Task to carry out
Every entry should be duplicated verbatim, and no picture may appear in the copy.

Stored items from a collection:
□ □ □ □
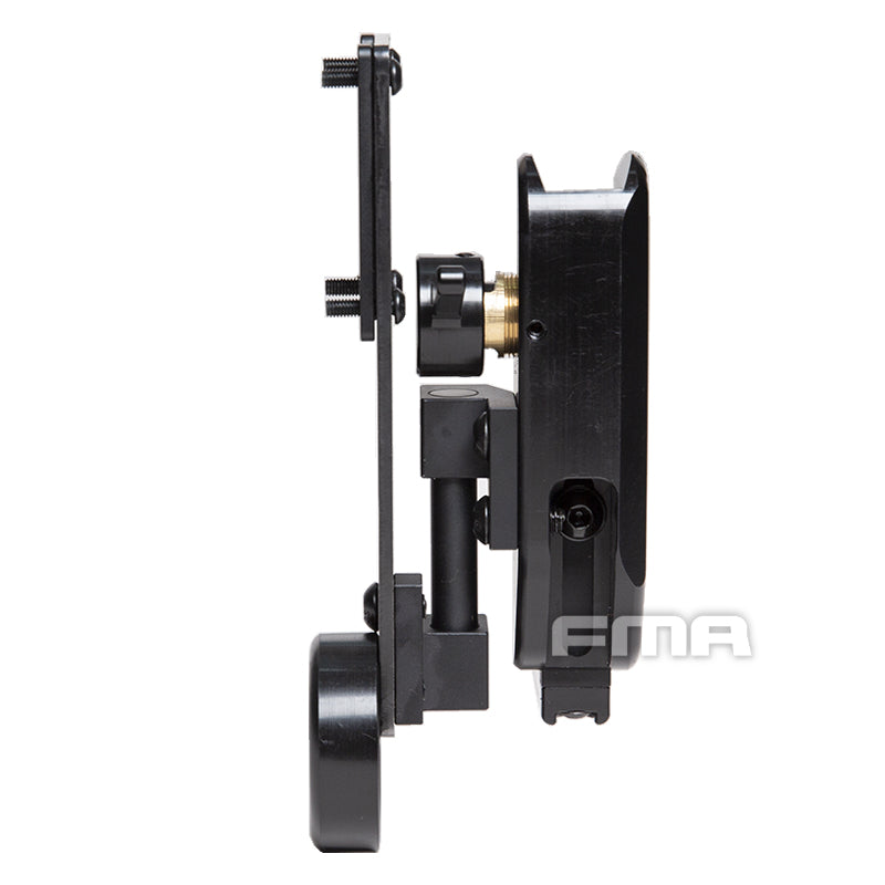 This is the first professional quickdraw launched by FMA for competitive use. This quickdraw has adjustable versatility that fully meets the needs of competitive matches. It complies with competition rules in terms of locking stability, with a locking mechanism operated by the thumb. The angle is also adjustable, and the adjustment of the adjustable parts is very convenient. Changing and adjusting parameters only requires an Allen wrench. Additionally, this quickdraw supports left-handed use, and the relevant accessories can be installed in reverse.
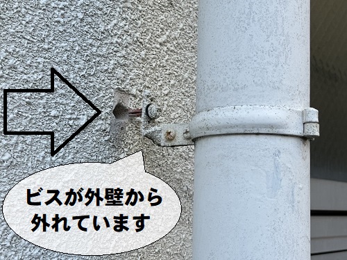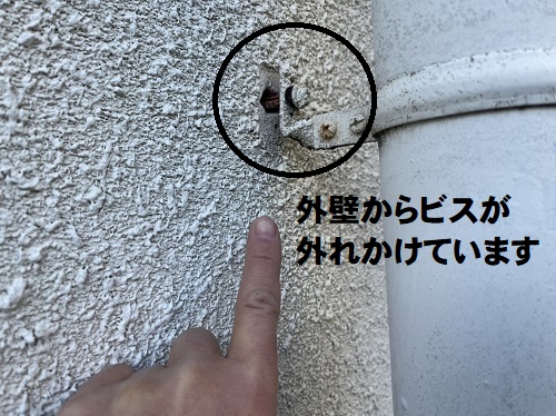 そして、2箇所目は取り付け部のビスが外壁から外れかけていました。
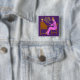 Dieser personalisierte quadratische Knopf für Verfasser hat einen Vintagen Kunst-Dekoschabloneblick. Eine Frau in einem rosa Kleid sitzt an einem Schreibtisch mit dem angehobenen Stift, während eine Lampe nahe bei ihr glänzt. Die Frau schaut, wie sie vom 19. oder vom Anfang des 20. Jahrhunderts ist. Der Entwurf hat ein modernes stilisiertes Gefühl.
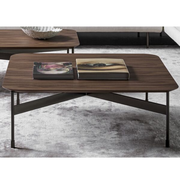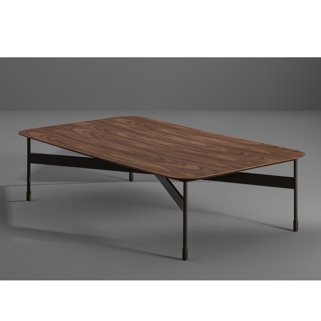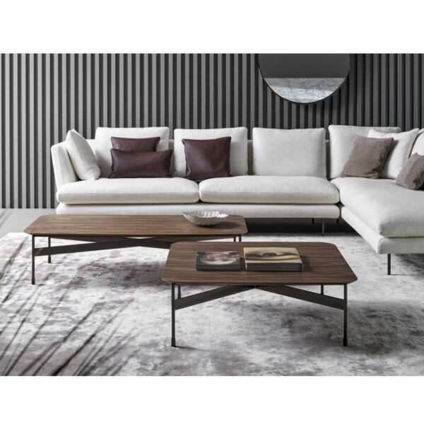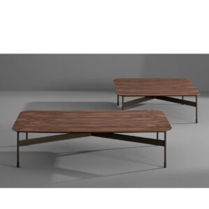 Available in two sizes, each table has a slender outline with a flared top section and thin metal legs. The diagonal buttressed base fulfills a twin role: on the one hand it reinforces the load bearing resistance, while on the other it sums up the style and sophistication of the piece. The tremendous attention to detail is revealed even in the smallest elements, such as the support feet which provide a sense of stability both physically and visually.
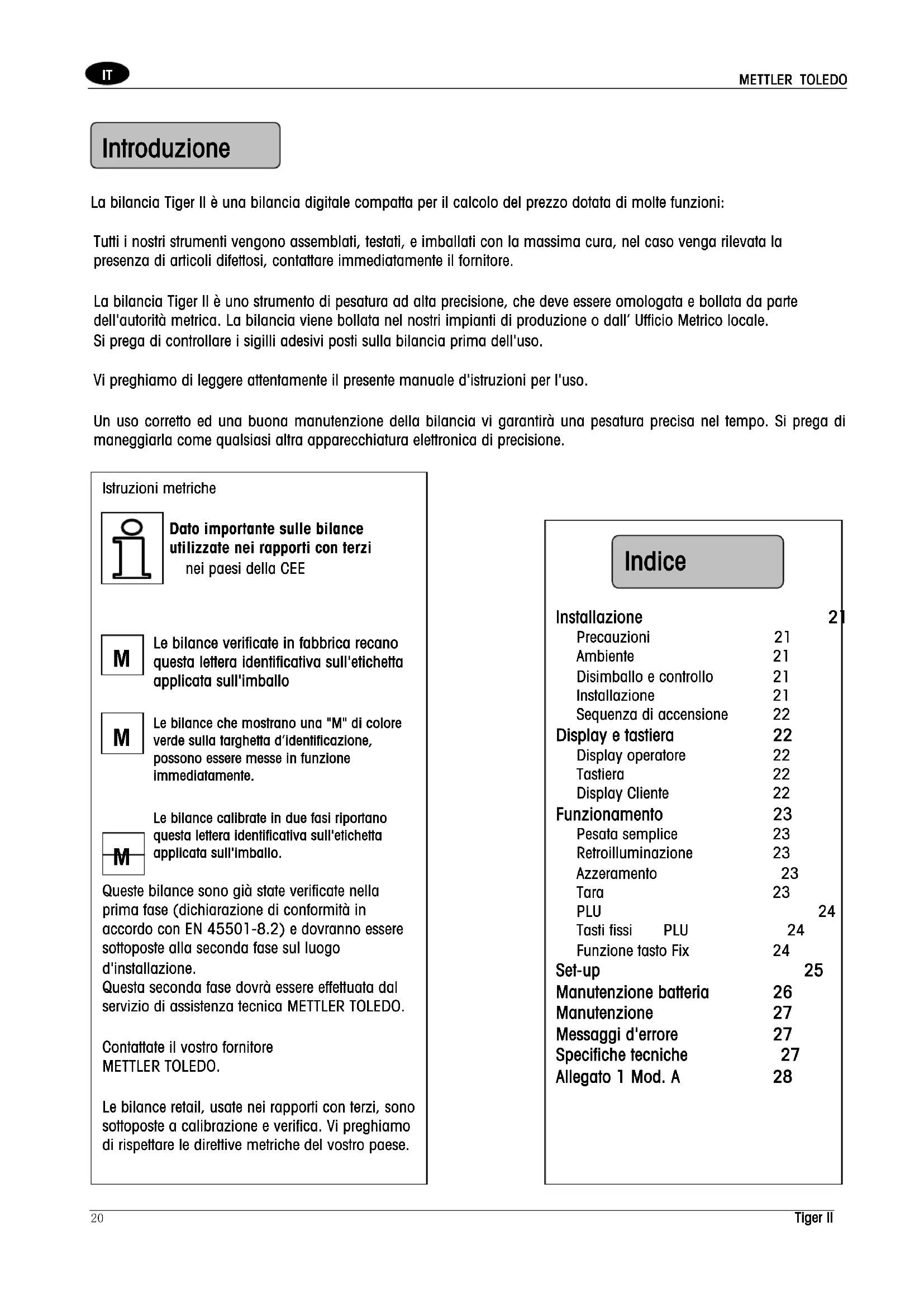 Installazione 21 Precauzioni 21 Ambiente 21 Disimballo e controllo 21 Installazione 21 Sequenza di accensione 22 Display e tastiera 22 Display operatore 22 Tastiera 22 Display Cliente 22 Funzionamento 23 Pesata semplice 23 Retroilluminazione 23 Azzeramento 23 Tara 23 PLU 24 Tasti fissi PLU 24 Funzione tasto Fix 24 Set-up 25 Manutenzione batteria 26 Manutenzione 27 Messaggi d'errore 27 Specifiche tecniche 27 Allegato 1 Mod. A 28 Indice MMETTLER TOLEDO Tiger II 21
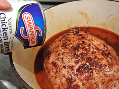 Pour the chile water and a can of chicken broth in with the roast.  Bring to a simmer, cover and cook on low 8 hours or overnight.  Or you can cook 4 – 5 hours over a medium simmer.  Make sure to turn the roast every 2 hours.
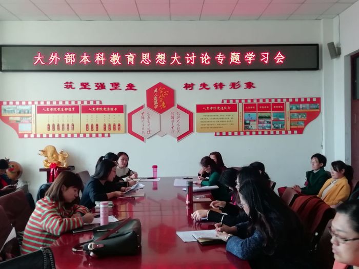 10月24日,大外部在主楼1027举行了本科教育思想大讨论专题学习会。会上,大外部主任赵薇老师解读了《教育部关于加快建设高水平教育全面提高人才培养能力的意见(高教40条)》。意见主要围绕着全面提高人才培养能力这个核心点,提出加快形成高水平人才培养体系及培养德智体美全面发展的社会主义建设者和接班人的意见;强调了把思想政治教育贯穿高水平本科教育全过程,全面提高教师教书育人能力。yl34511线路中心教工第三党支部书记,大外部教师高丹老师宣读了2018年6月21日教育部部长陈宝生同志在新时代全国高等学校本科教育工作会议上的讲话。这次讲话的主题是“坚持以本为本,推进四个回归,建设中国特色、世界水平的一流本科教育”。高丹老师提纲挈领地带领与会教师共同回顾了陈宝生部长这次讲话的内容。其中,特别强调了高等教育的四个回归,即回归常识、回归本分、回归初心和回归梦想,以及在本科教育阶段对员工适当增负的问题。
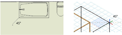 Cette attirance s’applique uniquement au deuxième point d’un segment de rappel à deux points, tout comme lorsque vous dessinez une ligne ou un polygone. Lorsque vous générez une attirance pour certains angles, le curseur intelligent trouve les angles définis dans les préférences et, par défaut, également les angles relatifs aux axes horizontaux et verticaux. Il détecte également l’angle de rotation d’un plan (module d’extension Vectorworks requis); les éléments créés selon cet angle lorsque vous vous trouvez dans une vue Plan 2D pivotée, apparaît à l’horizontal lorsque vous vous trouvez dans une vue non pivotée avec des unités réelles.
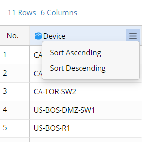 Note: Alternatively, you can change the sorting order of columns by the icon and the icon from the column header.
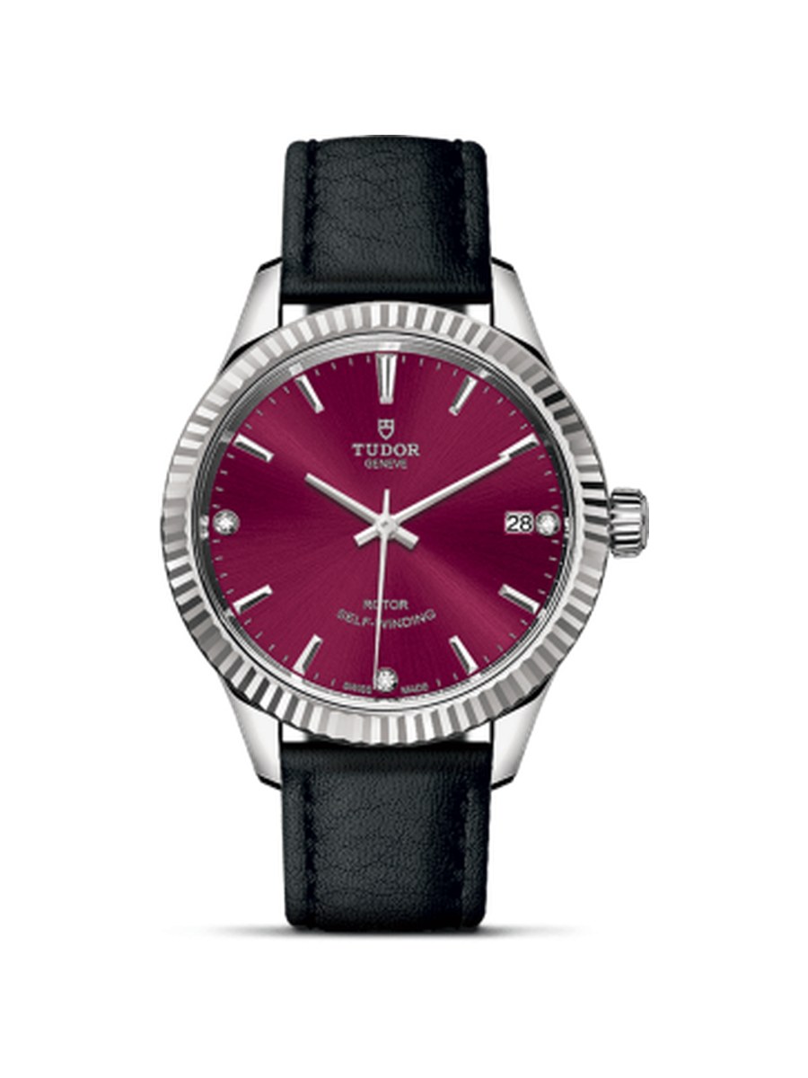 Style 34 Acier inoxydable / Fluted / Burgundy-Diamant / Strap
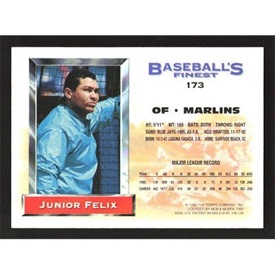This is a 1993 Finest Junior Felix baseball card. The card is #173 and pictures show condition.
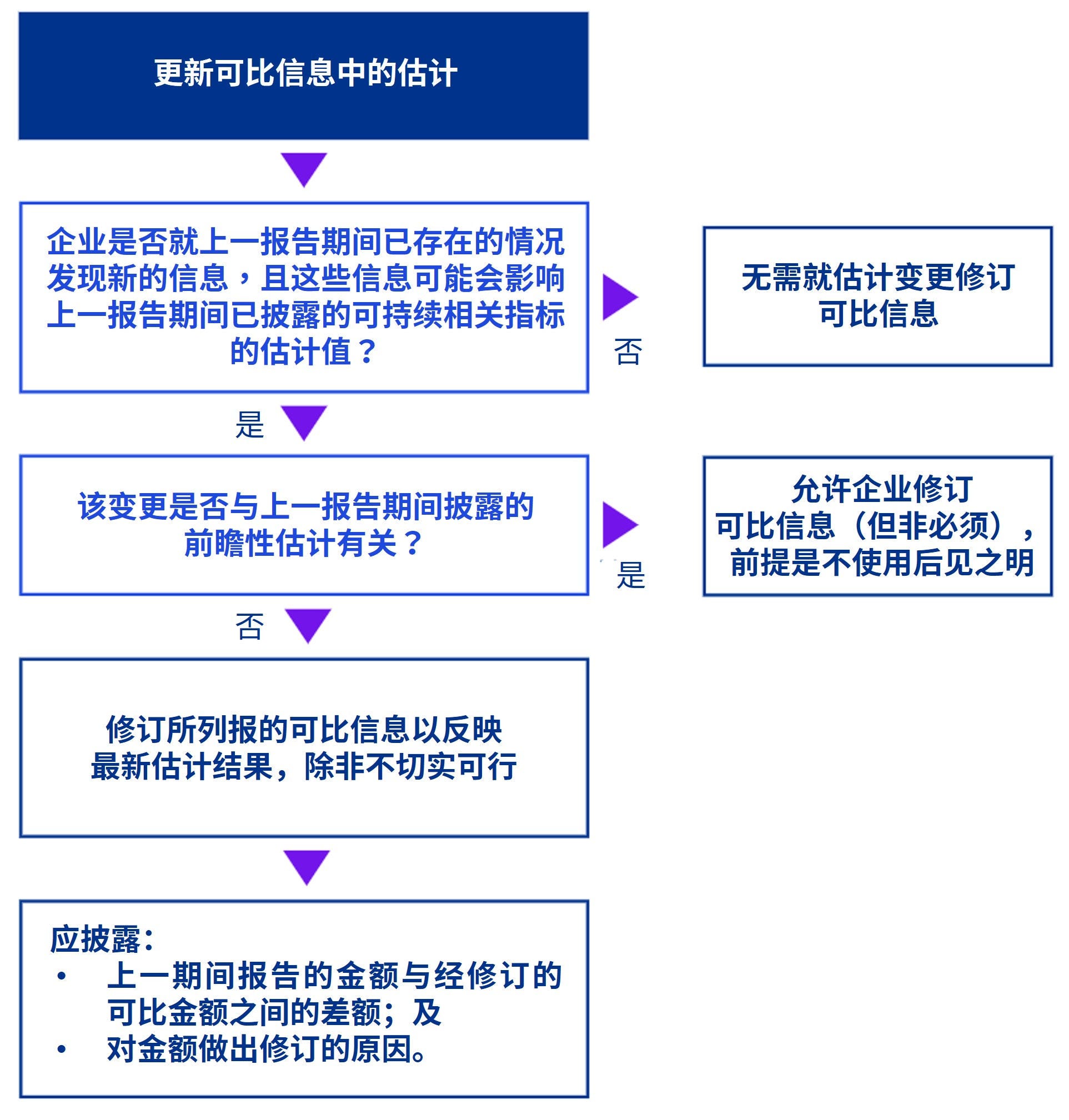 在某些情况下,为可持续相关各项指标列报的可比信息需要反映最新估计结果。此项要求不适用于叙述性披露或前瞻性估计。仅当变更具有重要性时,企业才需要更新可比信息。
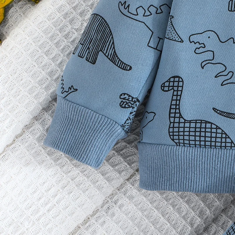 Moda lindo dinosaurio de dibujos animados camiseta de manga larga y pantalones largos traje azul conjunto de ropa infantil para niños ropa de moda para niños
□ □ □ □
Output below
 This is the first professional quickdraw launched by FMA for competitive use. This quickdraw has adjustable versatility that fully meets the needs of competitive matches. It complies with competition rules in terms of locking stability, with a locking mechanism operated by the thumb. The angle is also adjustable, and the adjustment of the adjustable parts is very convenient. Changing and adjusting parameters only requires an Allen wrench. Additionally, this quickdraw supports left-handed use, and the relevant accessories can be installed in reverse.
 そして、2箇所目は取り付け部のビスが外壁から外れかけていました。
 Dieser personalisierte quadratische Knopf für Verfasser hat einen Vintagen Kunst-Dekoschabloneblick. Eine Frau in einem rosa Kleid sitzt an einem Schreibtisch mit dem angehobenen Stift, während eine Lampe nahe bei ihr glänzt. Die Frau schaut, wie sie vom 19. oder vom Anfang des 20. Jahrhunderts ist. Der Entwurf hat ein modernes stilisiertes Gefühl.
 Available in two sizes, each table has a slender outline with a flared top section and thin metal legs. The diagonal buttressed base fulfills a twin role: on the one hand it reinforces the load bearing resistance, while on the other it sums up the style and sophistication of the piece. The tremendous attention to detail is revealed even in the smallest elements, such as the support feet which provide a sense of stability both physically and visually.
 Installazione 21 Precauzioni 21 Ambiente 21 Disimballo e controllo 21 Installazione 21 Sequenza di accensione 22 Display e tastiera 22 Display operatore 22 Tastiera 22 Display Cliente 22 Funzionamento 23 Pesata semplice 23 Retroilluminazione 23 Azzeramento 23 Tara 23 PLU 24 Tasti fissi PLU 24 Funzione tasto Fix 24 Set-up 25 Manutenzione batteria 26 Manutenzione 27 Messaggi d'errore 27 Specifiche tecniche 27 Allegato 1 Mod. A 28 Indice MMETTLER TOLEDO Tiger II 21
 Pour the chile water and a can of chicken broth in with the roast.  Bring to a simmer, cover and cook on low 8 hours or overnight.  Or you can cook 4 – 5 hours over a medium simmer.  Make sure to turn the roast every 2 hours.
 10月24日,大外部在主楼1027举行了本科教育思想大讨论专题学习会。会上,大外部主任赵薇老师解读了《教育部关于加快建设高水平教育全面提高人才培养能力的意见(高教40条)》。意见主要围绕着全面提高人才培养能力这个核心点,提出加快形成高水平人才培养体系及培养德智体美全面发展的社会主义建设者和接班人的意见;强调了把思想政治教育贯穿高水平本科教育全过程,全面提高教师教书育人能力。yl34511线路中心教工第三党支部书记,大外部教师高丹老师宣读了2018年6月21日教育部部长陈宝生同志在新时代全国高等学校本科教育工作会议上的讲话。这次讲话的主题是“坚持以本为本,推进四个回归,建设中国特色、世界水平的一流本科教育”。高丹老师提纲挈领地带领与会教师共同回顾了陈宝生部长这次讲话的内容。其中,特别强调了高等教育的四个回归,即回归常识、回归本分、回归初心和回归梦想,以及在本科教育阶段对员工适当增负的问题。
 Cette attirance s’applique uniquement au deuxième point d’un segment de rappel à deux points, tout comme lorsque vous dessinez une ligne ou un polygone. Lorsque vous générez une attirance pour certains angles, le curseur intelligent trouve les angles définis dans les préférences et, par défaut, également les angles relatifs aux axes horizontaux et verticaux. Il détecte également l’angle de rotation d’un plan (module d’extension Vectorworks requis); les éléments créés selon cet angle lorsque vous vous trouvez dans une vue Plan 2D pivotée, apparaît à l’horizontal lorsque vous vous trouvez dans une vue non pivotée avec des unités réelles.
 Note: Alternatively, you can change the sorting order of columns by the icon and the icon from the column header.
 Style 34 Acier inoxydable / Fluted / Burgundy-Diamant / Strap
This is a 1993 Finest Junior Felix baseball card. The card is #173 and pictures show condition.
 在某些情况下,为可持续相关各项指标列报的可比信息需要反映最新估计结果。此项要求不适用于叙述性披露或前瞻性估计。仅当变更具有重要性时,企业才需要更新可比信息。
 Moda lindo dinosaurio de dibujos animados camiseta de manga larga y pantalones largos traje azul conjunto de ropa infantil para niños ropa de moda para niños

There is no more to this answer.